(Exercise instructions):
Pictures excluded, output the lines of the data below between the one holding "Removal of the" and the one holding "Heavy-Duty Mounting Clamp", inclusive, exactly as they stand.

(Study material):
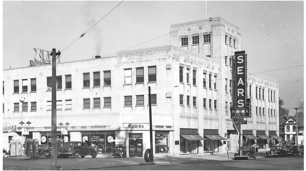
Sears store on S. Salina Street in Syracuse, as seen in the 1930s

The store at 1300 South Salina Street historically represented a significant retail establishment for this national merchandising company in the region and survives today as a rare example of its type in CNY.
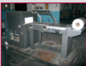
EASTEY HEAT SHRINK TUNNEL
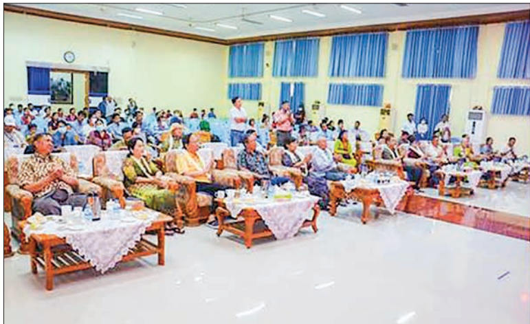
The SAC member and officials attend the MoEE Maha Thingyan Water Festival.
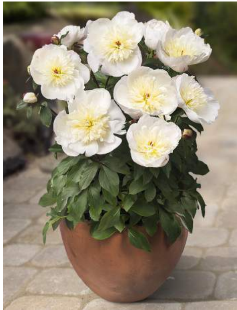
Patio Peony™ Madrid Late
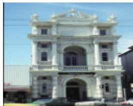
1 former colonial bank bendigo front view dec1993
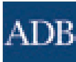
Asian Development Bank
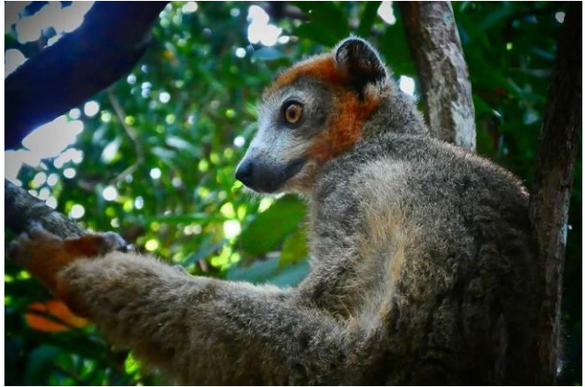
Red-fronted Brown Lemur
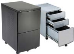
Mobile Pedestal 500MP and 502MP
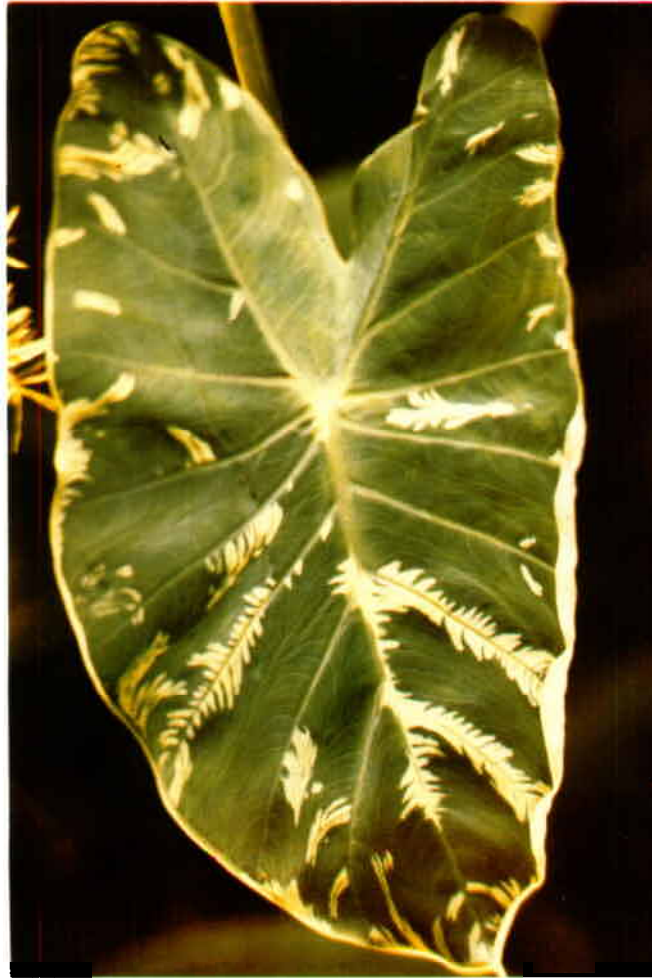
Taro leaf with feathery symptoms caused by dasheen mosaic virus.
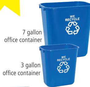
7 gallon office container 3 gallon office container
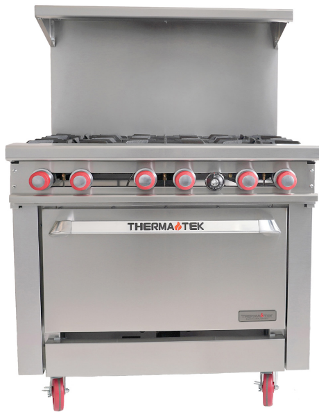
TMD36-6-1 (Optional casters shown)

Therma-Tek 115 Rotary Drive, Valmont Industrial Park West Hazleton, PA 18202
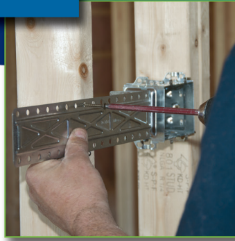
Screw bracket to opposite wood stud.
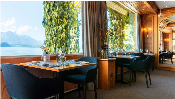
BEATUS Wellness
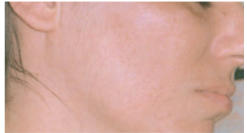
After CACI treatment

Book and pay for a course of any 10 Caci treatments and receive a 10% discount.
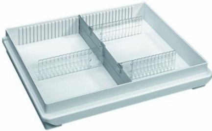
The longitudinal and cross dividers within the drawers are individually adjustable
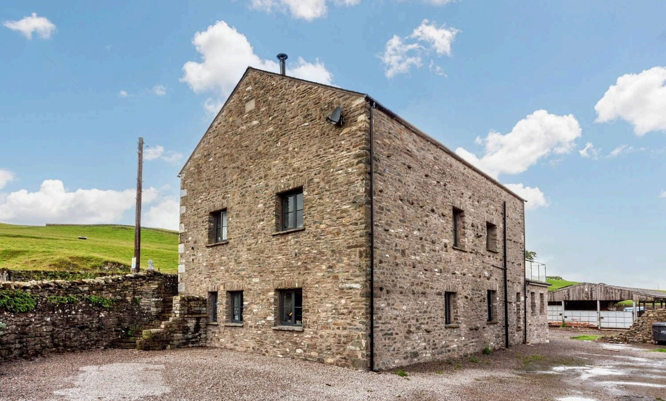
Barn View, Lambrigg £800,000
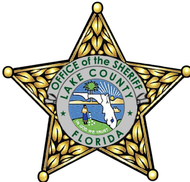
Lake County Sheriff Office
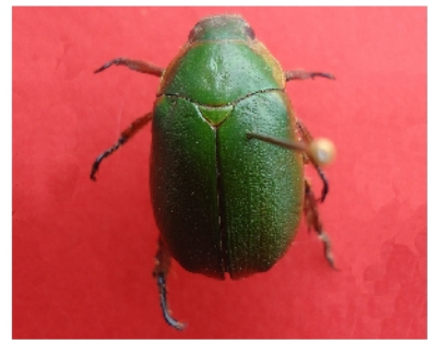
Mimela passerinii Hope
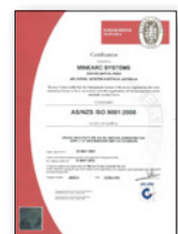
Bureau Veritas ISO 9001:2008 Quality Management Systems
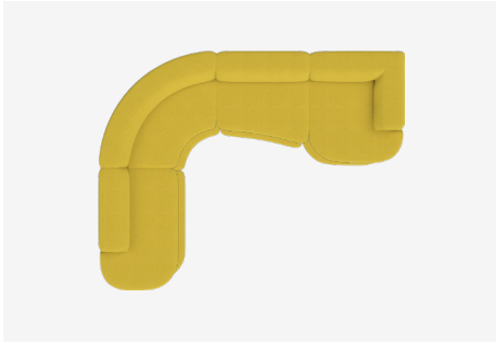
Modular M | NI158L + NI120AR + NI154CA + NI120CHR 3940L x 3040D x 640H x 390SH (mm) 155L x 119D x 25H x 15SH (inches)
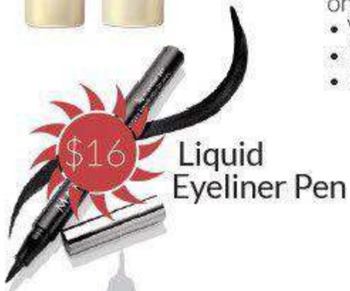
Liquid Eyeliner Pen
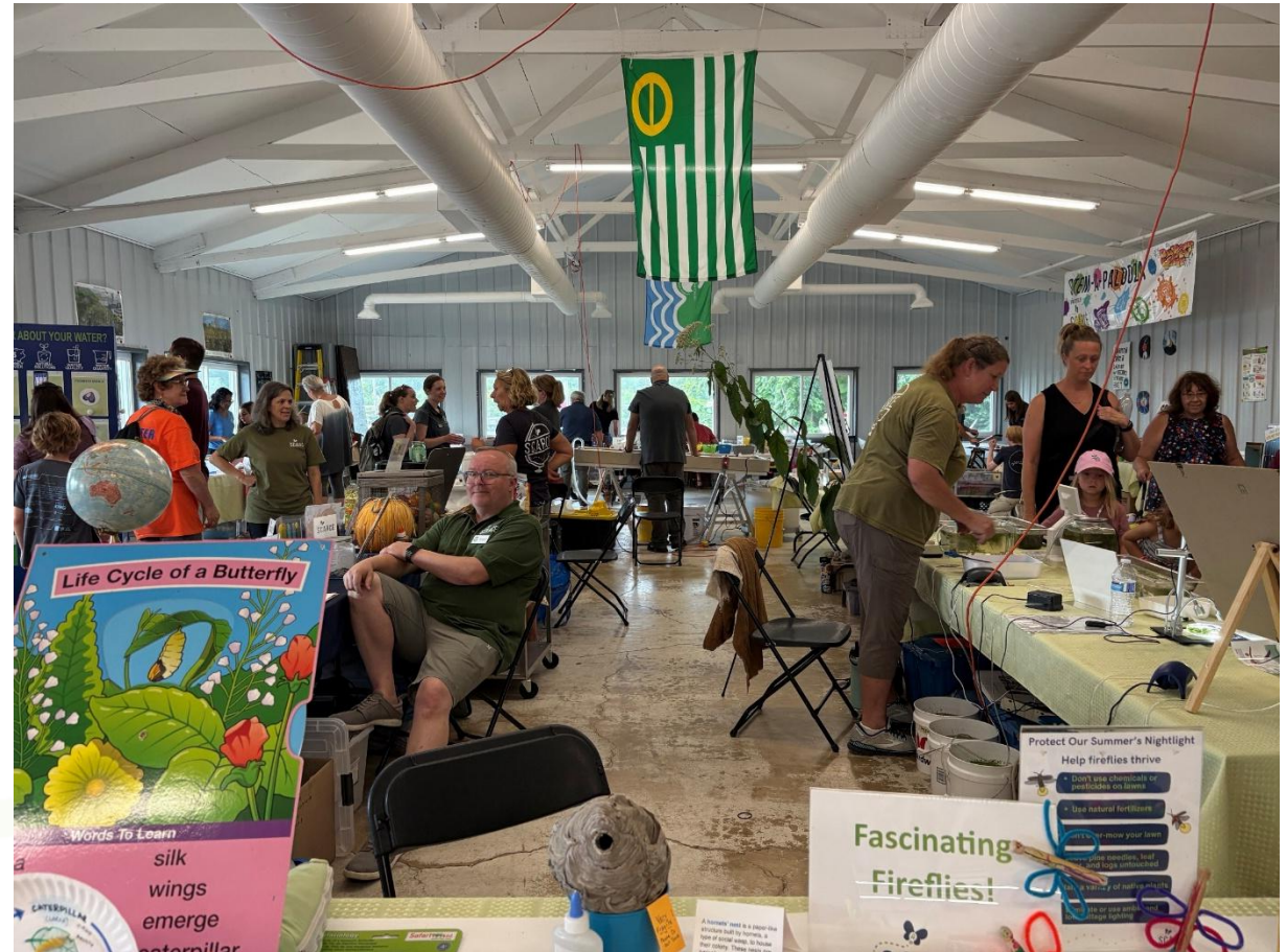
STEM-A-PALOOZA 2025, 28 different stations!

Programs for schools, churches, businesses, park districts, libraries, and garden & civic clubs
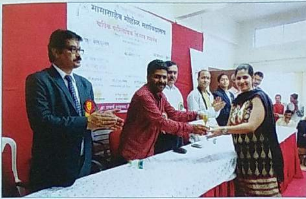
Annual Prize Distribution
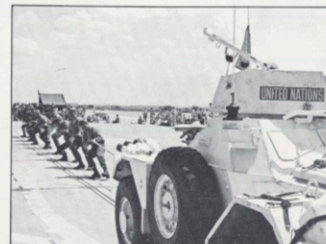
The Scout Car Pull
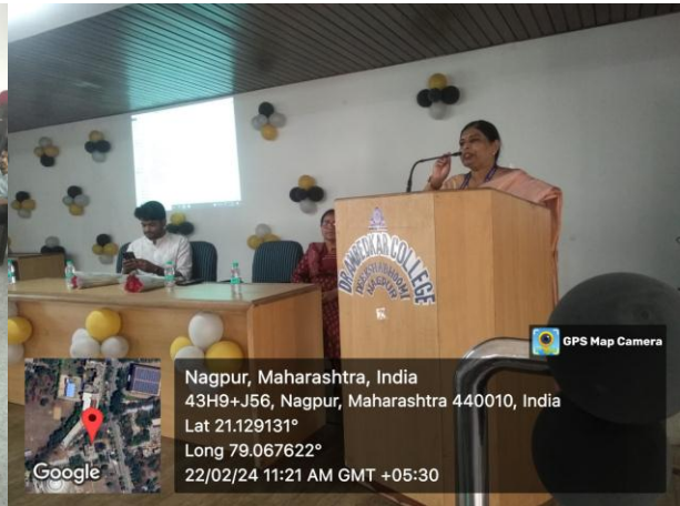
Nagpur, Maharashtra, India 43H9+J56, Nagpur, Maharashtra 440010, India Lat 21.129131° Long 79.067622° 22/02/24 11:21 AM GMT +05:30
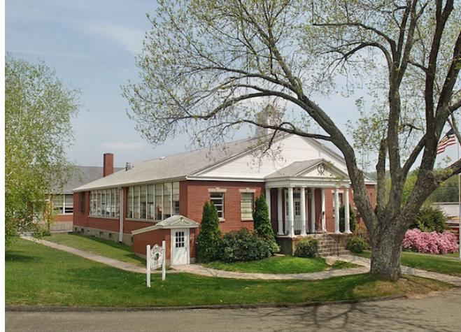
Eastford Elementary School

Revised June 2015 The following pages represent the plan issued by the State of Connecticut SEED 4/27/2015
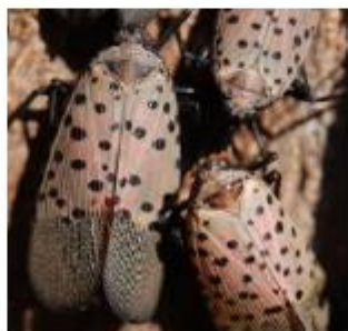
Adults: July - December
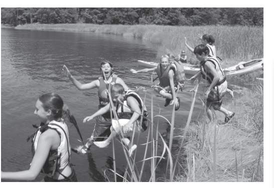
River campers enjoying a swim!

• Lastly, we have entered the schools in our watershed and beyond with our Water All Around You program. Geared towards 5th grade, this program educated 1,575 kids in 10 schools about their local water resources in 2010, with the goal of teaching them to be future stewards of their local waters. This year we will do at least that much again: our ultimate goal is to
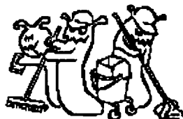
(Optional marketing graphic)
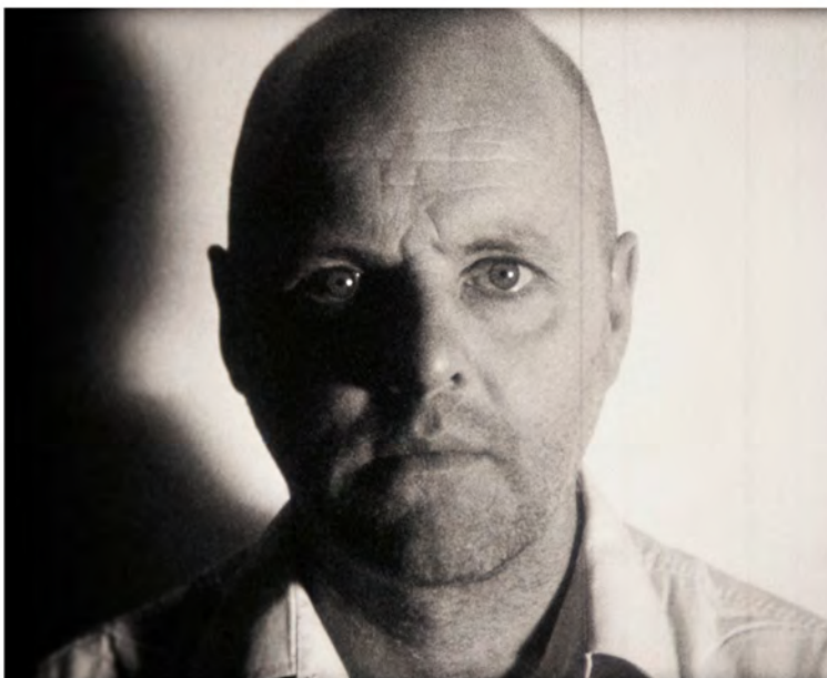
Gavin Turk "Screen Test" 2017

Mash ups, remakes, samplings, cut-ups ; contemporary culture is profoundly fragmented and constantly recreated. What were once avant-garde strategies have now become everyday practices. The ubiquity and diversity of gadgets, cameras and screens is a particularly prominent aspect of this "softwarized" digital culture. Professional film makers are seen to use cheap digital cameras in order to create low tech DIY aesthetics, as exemplified in the Dogme 95 movement initiated by Lars Von Trier and Thomas Vinterberg.
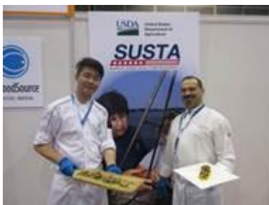
Seafood Cooking Demo – SUSTA
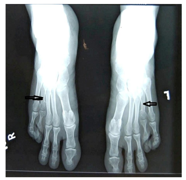
Fig 2a: Show left foot with 4th toe brachydactyly right foot normal
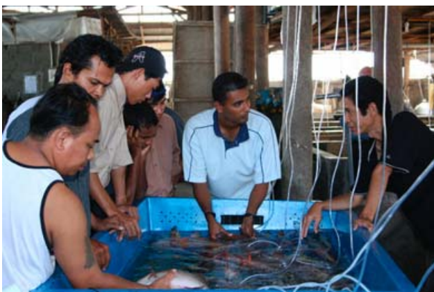
Picture 68: The owner and staff of the export company explaining to participants the activities in the company
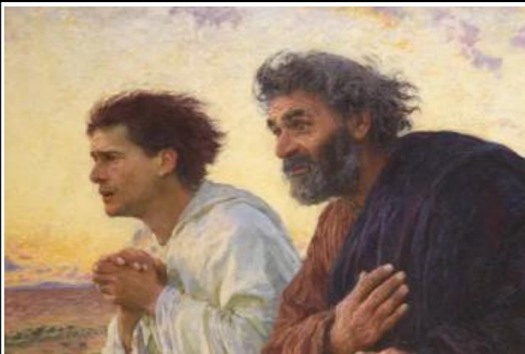
The other disciple ran faster than Peter and arrived at the tomb first.

If you know of someone to be added to the prayer list or is homebound that would like a visit please email or call the office.
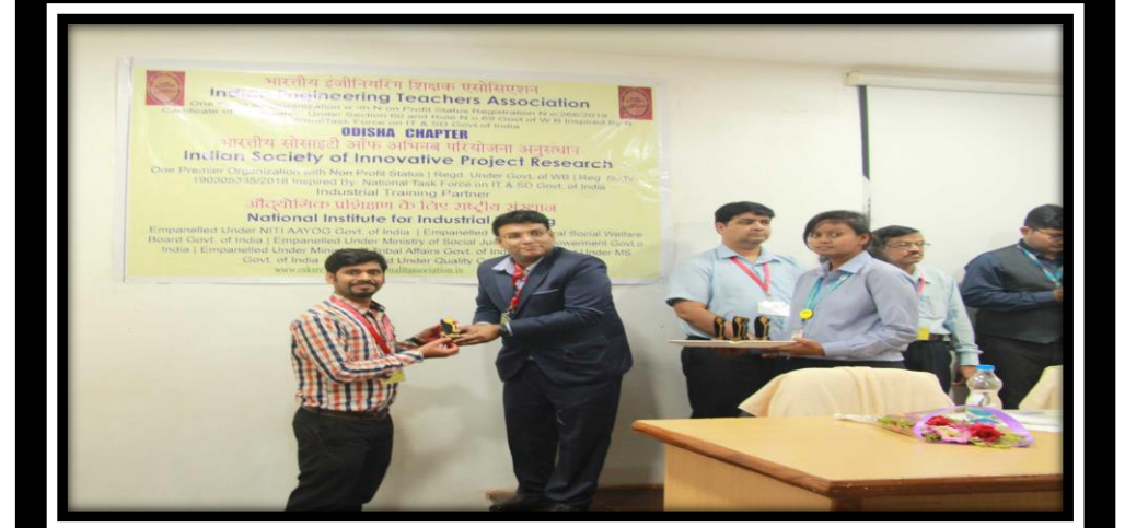
Indian Engineering Teachers Association Odisha Chapter on 23-3-19
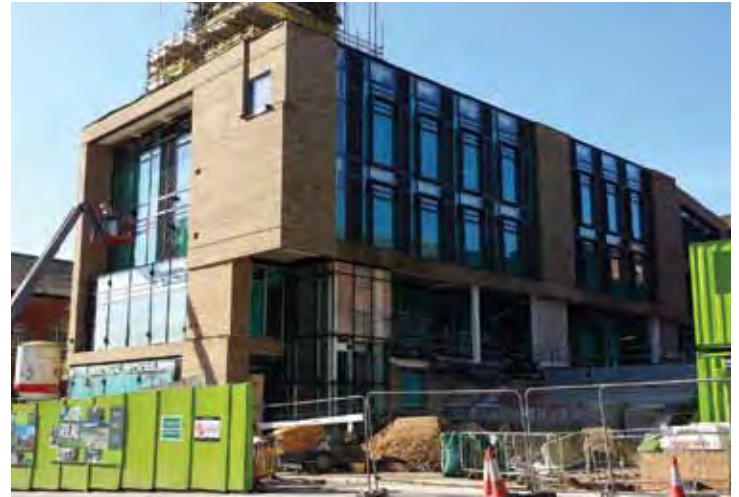
Removal of the scaffolding to provide the first glimpse of the new central library and archive
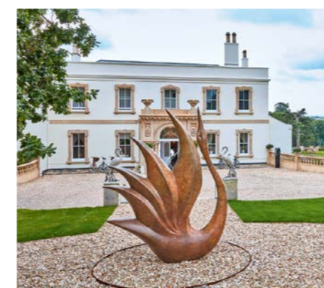
THIS PICTURE The glorious British countryside; BELOW spend the night at Lymestone Manor
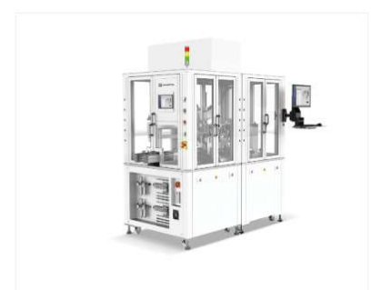
DBC Slitting Machine
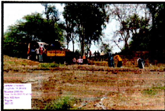
A team of NSS volunteers filling up leftovers of food into trolley container
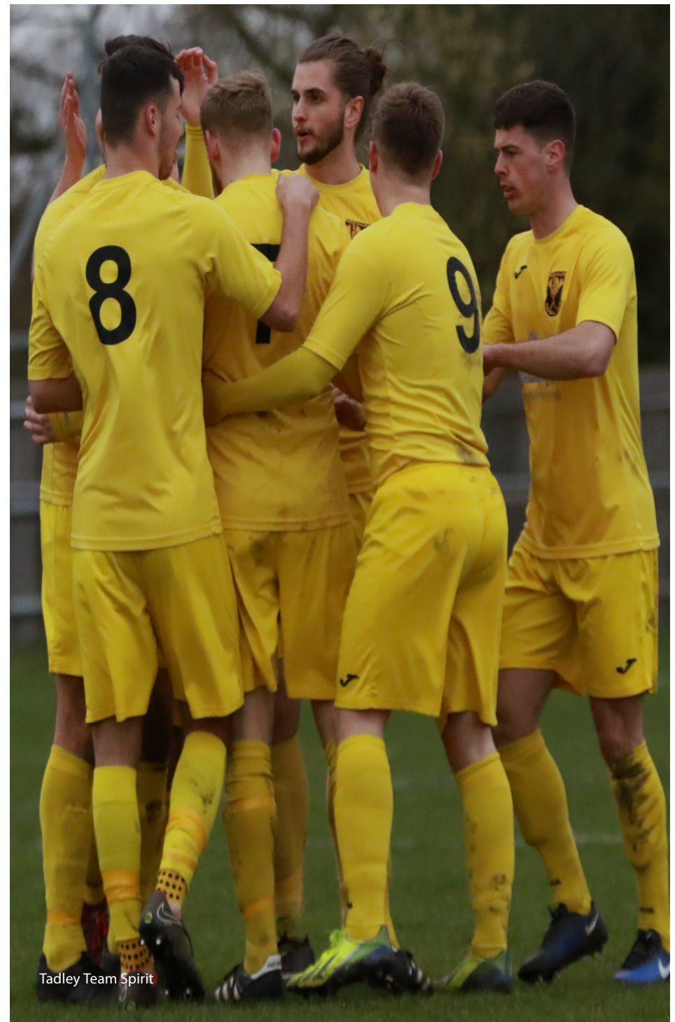
Tadley Team Spirit
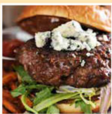
Fresh Extra Lean Ground Beef 16% Fat
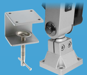
Heavy-Duty Mounting Clamp

The innovative ProVue Deluxe LED Magnifying lamp from Aven is the new standard in inspection lighting. This durable aluminum design features a 5 inch, 5 diopter glass lens for crystal clear, distortion-free viewing. Featuring 72 energy-efficient LED lights for shadow-free illumination.
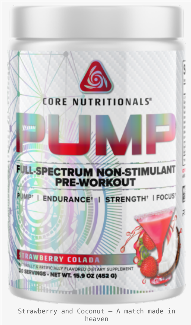
Strawberry and Coconut – A match made in heaven

Pre-workout supplements have a short-term use profile compared to other supplements like creatine or whey protein, meaning users want to notice it quickly and strongly. People want a great workout and they want to feel good during it.
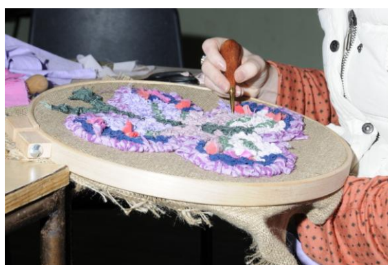
Figure 7.3. Rug hooking in the Pendon Crafts Group

Whilst practising a new skill was at times frustrating, at others it could have a beneficial impact on mood. It was well suited to answering the need expressed by a participant in a low mood who said 'I want something to put my mind into' (Field note, Hellan Crafts Group, 13/11/12) and this was particularly the situation, described in relation to flow experiences by Csikszentmihalyi (2002, p.52), when 'the challenges are just balanced with the person's capacity to act'. Practising was also satisfyingly purposive: as Sennett (2008, p.175) suggests 'doing something over and over is stimulating when organized as looking ahead'.
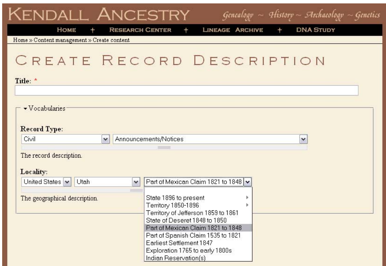
FIGURE 2 - THE LOCALITY VOCABULARY

Since there are 18 record categories defined in the Record Type vocabulary, manually maintaining hierarchical links among the research reports as new ones are added would be intractable. Our implementation, however, automatically maintains these links and allows research reports to be added with a singular interface similar to the Record Repository , regardless of where the report ends up in the hierarchy. This is accomplished through a set of queries embedded into a single page, taking context from the URL.
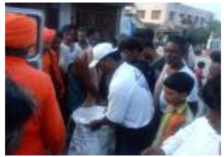
Medicine & Dry food distribution in “HUDHUD” affected at Foka & Laba villages

(Your response):
Removal of the scaffolding to provide the first glimpse of the new central library and archive
THIS PICTURE The glorious British countryside; BELOW spend the night at Lymestone Manor
DBC Slitting Machine
A team of NSS volunteers filling up leftovers of food into trolley container
Tadley Team Spirit
Fresh Extra Lean Ground Beef 16% Fat
Heavy-Duty Mounting Clamp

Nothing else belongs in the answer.